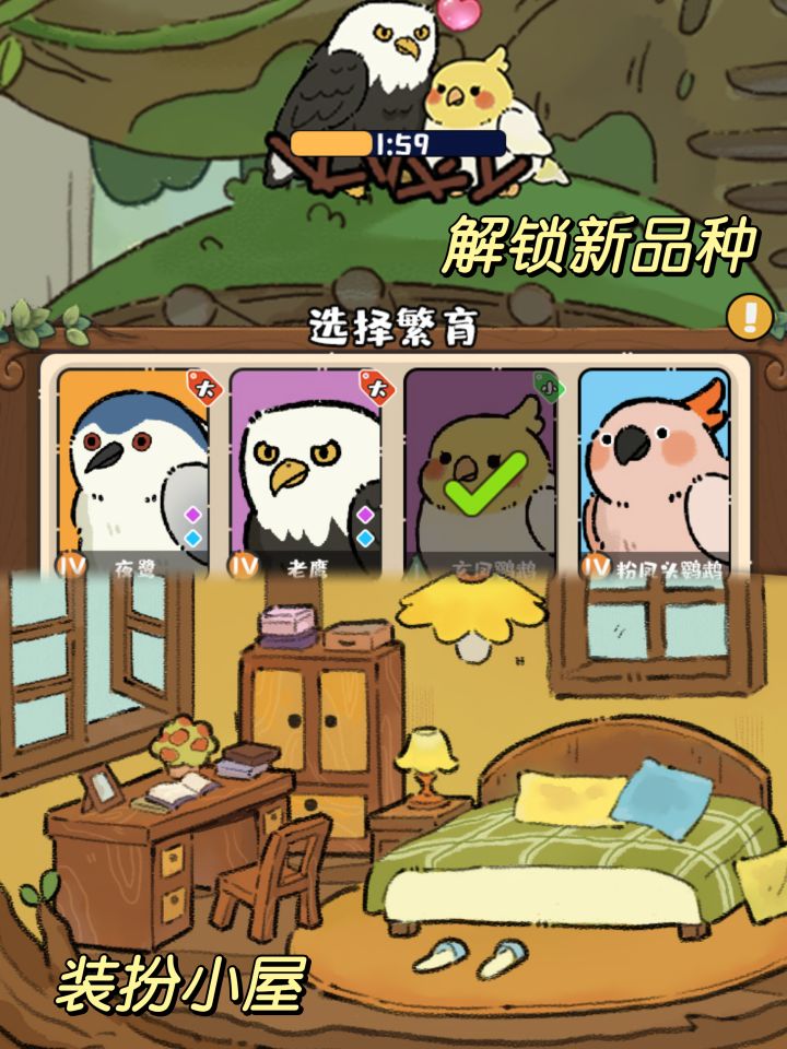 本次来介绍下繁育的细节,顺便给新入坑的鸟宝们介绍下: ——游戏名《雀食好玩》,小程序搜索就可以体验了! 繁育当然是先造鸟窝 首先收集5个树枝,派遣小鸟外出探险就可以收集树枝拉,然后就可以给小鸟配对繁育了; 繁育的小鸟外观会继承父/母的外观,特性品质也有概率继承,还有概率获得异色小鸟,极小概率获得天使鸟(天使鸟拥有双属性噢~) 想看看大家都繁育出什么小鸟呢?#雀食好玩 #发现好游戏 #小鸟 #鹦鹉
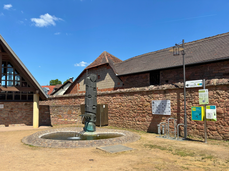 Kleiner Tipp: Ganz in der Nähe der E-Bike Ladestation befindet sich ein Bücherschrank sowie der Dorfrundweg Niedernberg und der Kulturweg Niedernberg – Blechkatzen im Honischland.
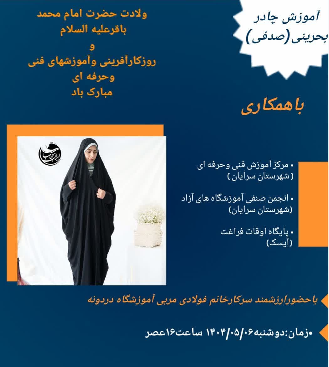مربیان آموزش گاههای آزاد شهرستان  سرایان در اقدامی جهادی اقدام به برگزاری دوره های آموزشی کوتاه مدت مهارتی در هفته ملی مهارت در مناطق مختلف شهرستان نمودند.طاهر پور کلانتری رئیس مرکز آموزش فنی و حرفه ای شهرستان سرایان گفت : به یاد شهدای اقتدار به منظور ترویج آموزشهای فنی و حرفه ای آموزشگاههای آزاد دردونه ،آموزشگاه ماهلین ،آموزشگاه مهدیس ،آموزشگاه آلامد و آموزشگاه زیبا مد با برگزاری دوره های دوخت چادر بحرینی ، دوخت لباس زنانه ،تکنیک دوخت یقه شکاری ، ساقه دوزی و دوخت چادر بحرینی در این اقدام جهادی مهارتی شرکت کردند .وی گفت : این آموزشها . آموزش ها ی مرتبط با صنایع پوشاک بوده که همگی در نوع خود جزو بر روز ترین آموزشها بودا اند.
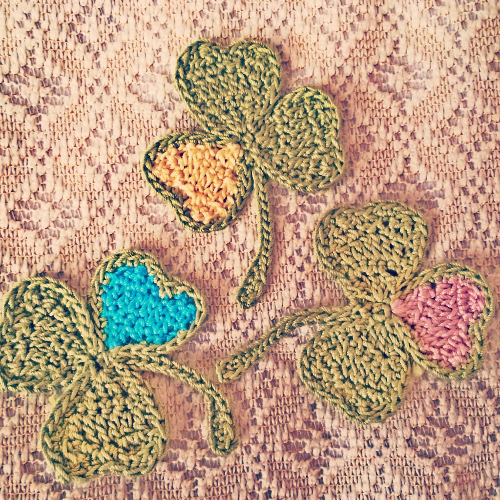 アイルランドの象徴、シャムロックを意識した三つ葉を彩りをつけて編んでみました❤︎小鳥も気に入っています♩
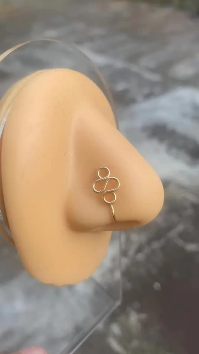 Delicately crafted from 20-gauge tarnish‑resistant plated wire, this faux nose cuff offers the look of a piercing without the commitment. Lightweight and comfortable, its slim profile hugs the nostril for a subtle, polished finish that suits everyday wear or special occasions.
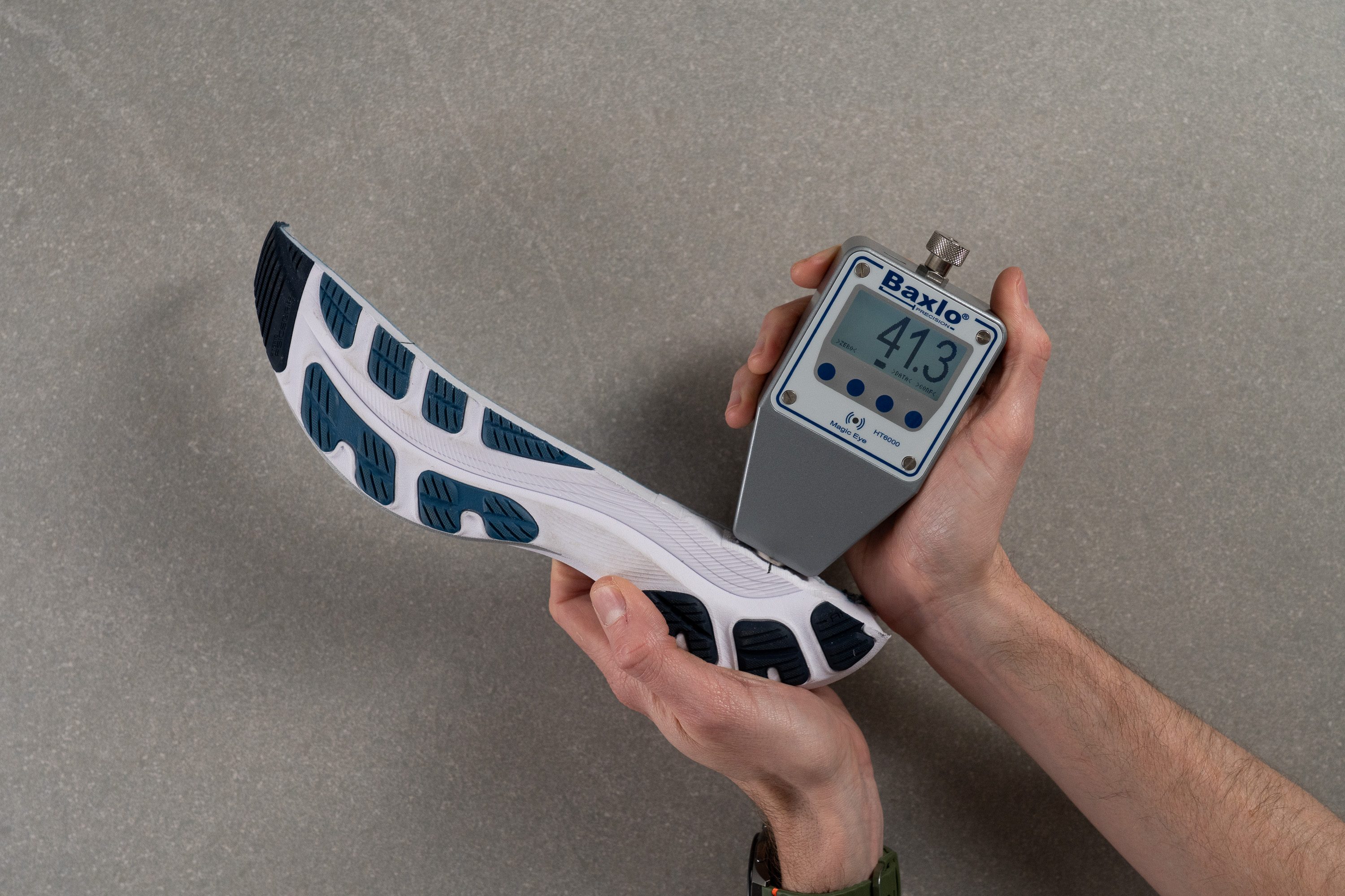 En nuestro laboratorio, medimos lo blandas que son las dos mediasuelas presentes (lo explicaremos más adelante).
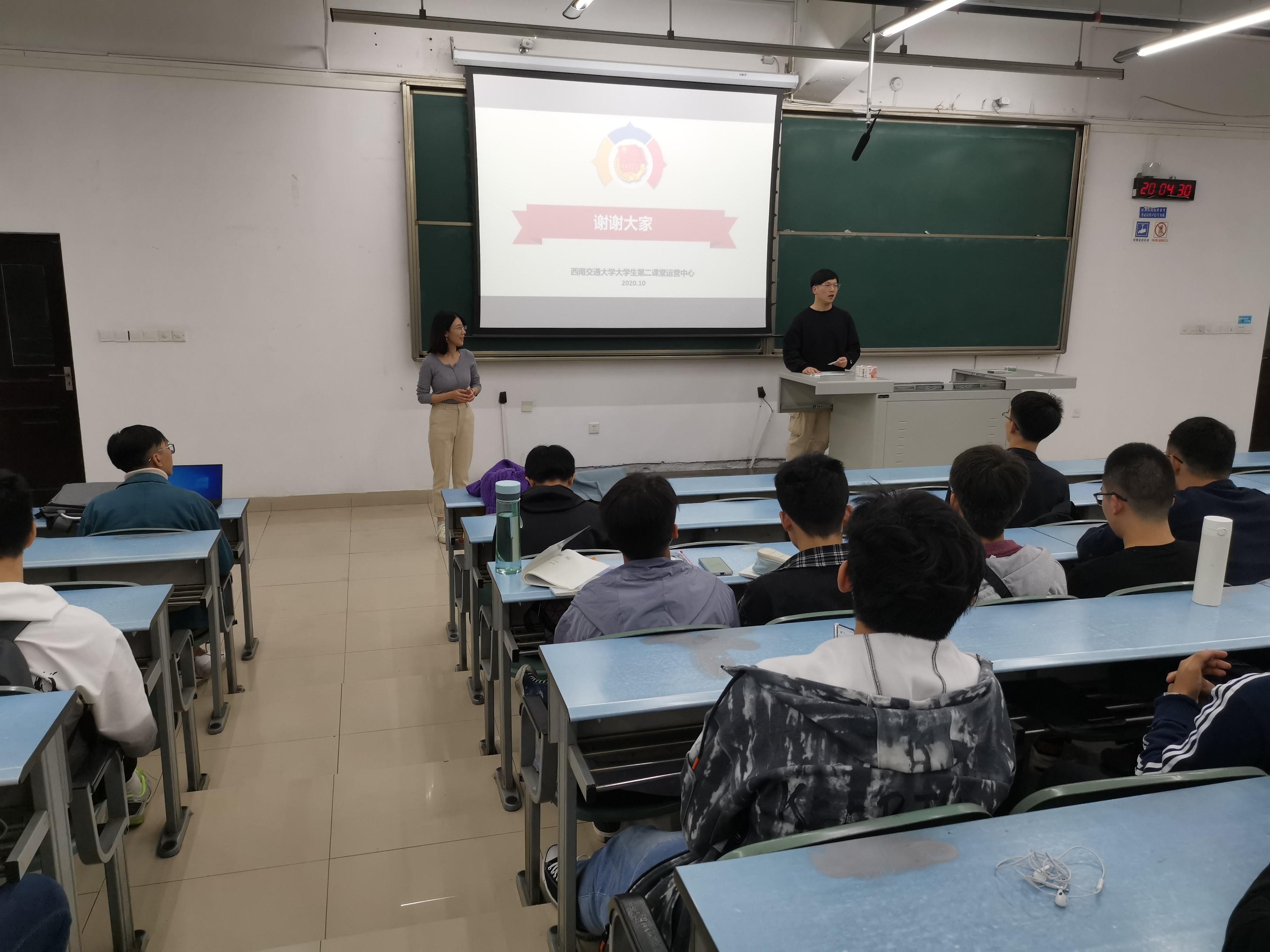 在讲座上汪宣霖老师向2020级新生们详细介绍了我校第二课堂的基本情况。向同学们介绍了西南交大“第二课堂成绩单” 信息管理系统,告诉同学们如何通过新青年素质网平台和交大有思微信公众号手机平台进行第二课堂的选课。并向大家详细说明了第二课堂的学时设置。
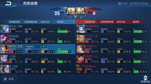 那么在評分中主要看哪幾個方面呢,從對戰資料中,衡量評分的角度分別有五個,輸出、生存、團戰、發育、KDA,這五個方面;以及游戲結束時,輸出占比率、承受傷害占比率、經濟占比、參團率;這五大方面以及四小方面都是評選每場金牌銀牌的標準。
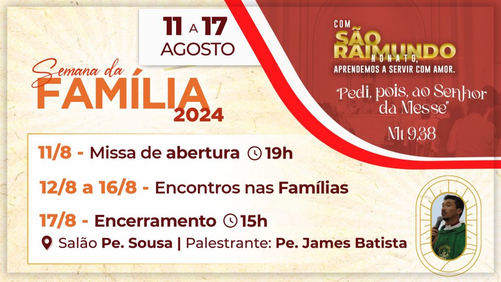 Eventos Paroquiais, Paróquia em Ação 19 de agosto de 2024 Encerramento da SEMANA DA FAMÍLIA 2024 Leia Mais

=-=-=-=-=

→ **About this task**: Pictures are to be omitted from the copy, and only the lines from the one containing "在讲座上汪宣霖老师向2020" through the final line of the listing above are to be written out exactly.

→ **Output for this exercise**:
 在讲座上汪宣霖老师向2020级新生们详细介绍了我校第二课堂的基本情况。向同学们介绍了西南交大“第二课堂成绩单” 信息管理系统,告诉同学们如何通过新青年素质网平台和交大有思微信公众号手机平台进行第二课堂的选课。并向大家详细说明了第二课堂的学时设置。
 那么在評分中主要看哪幾個方面呢,從對戰資料中,衡量評分的角度分別有五個,輸出、生存、團戰、發育、KDA,這五個方面;以及游戲結束時,輸出占比率、承受傷害占比率、經濟占比、參團率;這五大方面以及四小方面都是評選每場金牌銀牌的標準。
 Eventos Paroquiais, Paróquia em Ação 19 de agosto de 2024 Encerramento da SEMANA DA FAMÍLIA 2024 Leia Mais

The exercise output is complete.